Despite the wealth of adverse effects documented in the literature on money priming in relation to specific behaviors (as outlined in Table 1), there is a noticeable gap in research regarding the impact of money priming on sustainable consumption. (Koruk & Mandrik, 2024, p. 309).

I only plugged the data into stats programs that can look beyond the evidence we see to see whether we can trust the evidence and the answer is that these 19 studies provide no convincing evidence that money priming caused the significant results in these 18 studies. It could just have been chance and selective reporting of significant results.

Now take a moment and predict the outcome of the new studies in this article. Money priming was manipulated with a scrambled sentence task that made participants rearrange words that were either related to money (experimental group) or not (control group) (Exp1) or a paragraph writing task and a picture of money.

The outcome variabel was the average rating to the following three items.

(1) I am concerned about wasting the resources of our planet.
(2) I will make an effort to use products that do not harm the environment.
(3) It is important to change my consumption patterns (use less or avoid buying products) in order to protect the environment

Scroll down to see the results.

Results

Experiment 1 Effect size d = 1.44, z = 9.73
Experiment 2 Effect size d = 1.55, z = 9.18

Let’s just say that these results are very surprising. The effect sizes are very large for results in psychological research in general and the priming literature specifically.
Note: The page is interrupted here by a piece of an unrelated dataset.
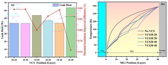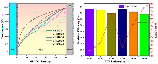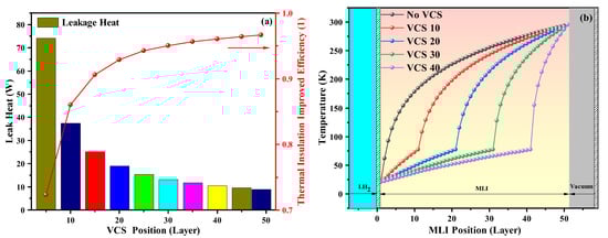 - The minimum heat leakage of P-VCSs can be improved by 76.6% compared with that of No VCS. The heat leakage through the MLI will further decrease when S-VCSs is used. The minimum heat leakage of S-VCSs is 83.79%, 25.67% and 30.75% that of No VCS, VCS10 and P-VCS, respectively. The maximum insulation efficiency can be improved by 7.16% and 43.26% compared with that of VCS10 and P-VCS, respectively;

A difference of 1.5 standard deviations is as big as the difference in height between men and women.

Due to these large effect sizes, the test-statistic is of the chart. Z-scores of 9 have a probability of 1 out of a gazillion to occur by chance. These are not chance finding. These results are also not consistent with the evidence in Table 1, which showed much lower z-scores for most studies.
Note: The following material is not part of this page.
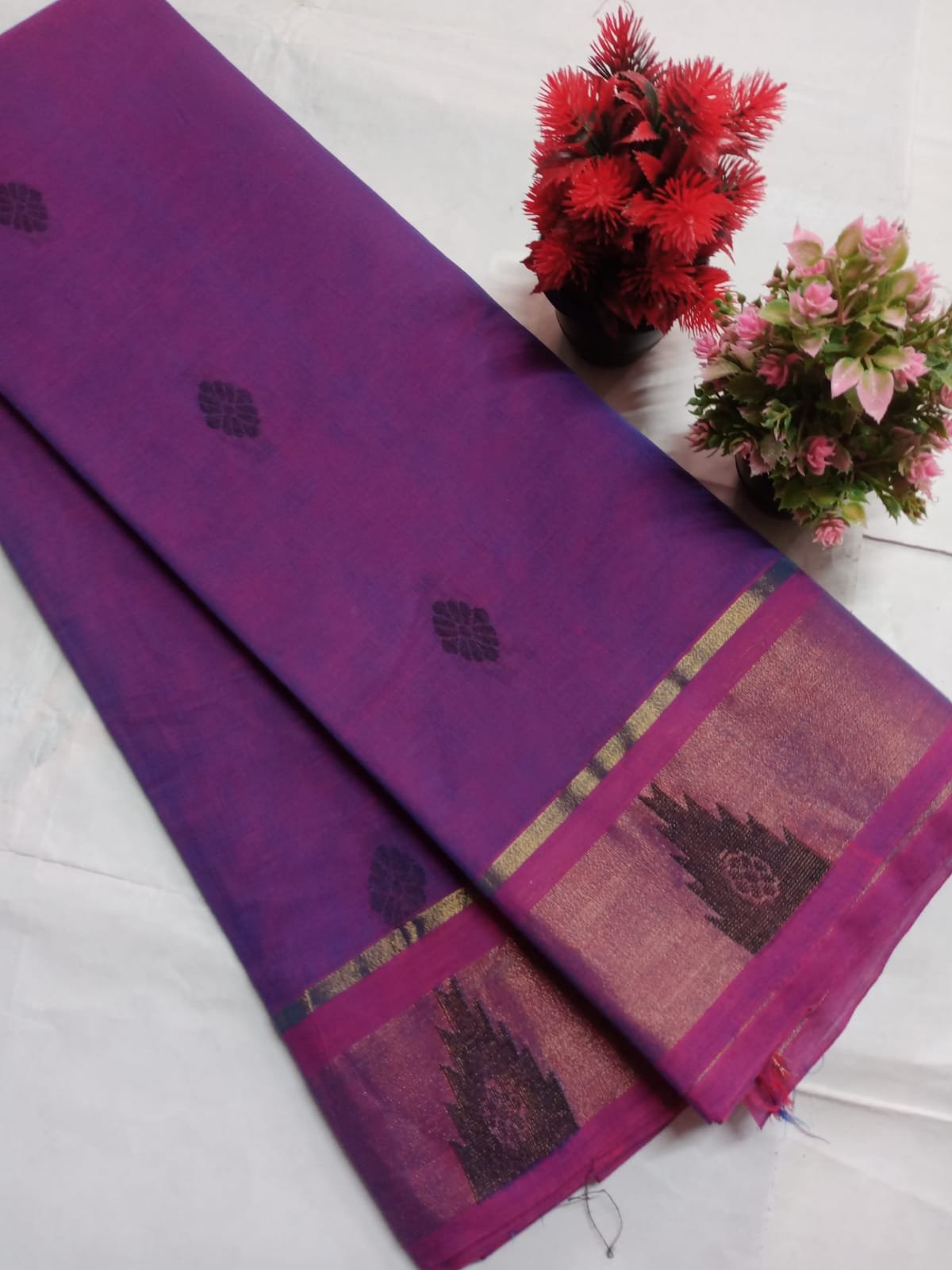 Purple Chettinadu Self Cotton Saree, Soft, Formal Wear, Festive Wear, Elegant, Blouse attached Perfect for Gifting

There are many possible explanations for these surprising results that include computational errors, demand effects among others (wink). I don’t really care about these results because priming studies are problematic even if they show real effects. First, the manipulation is artificial and may not correspond to real world situations in which we think about money. Second, ratings on a scale do not imply that people would really change their actual behaviors. However, it might still be an easy study to replicate and see whether the results are replicable. Even smaller samples would be sufficient to produce these results again, given the strong effect sizes reported in this article.

The main point of this blog post is that we need to look at results in published articles differently. We cannot just see how many significant results we see in journals. We already know the answer to this question. The published literature tends to have over 90% significant results. This is not an empirical finding that can be used to evaluate evidence. The real question is always how many non-significant are missing. Bias tests can be useful to answer this question. Thus, if you want to be a scientist and make scientific claims you need to examine the amount of bias in the studies that you are using. “Studies show…” is not a scientific claim. Studies also show that extraverts can sense pornography before it is even presented (Bem, 2011). The real question is how many studies really show an effect.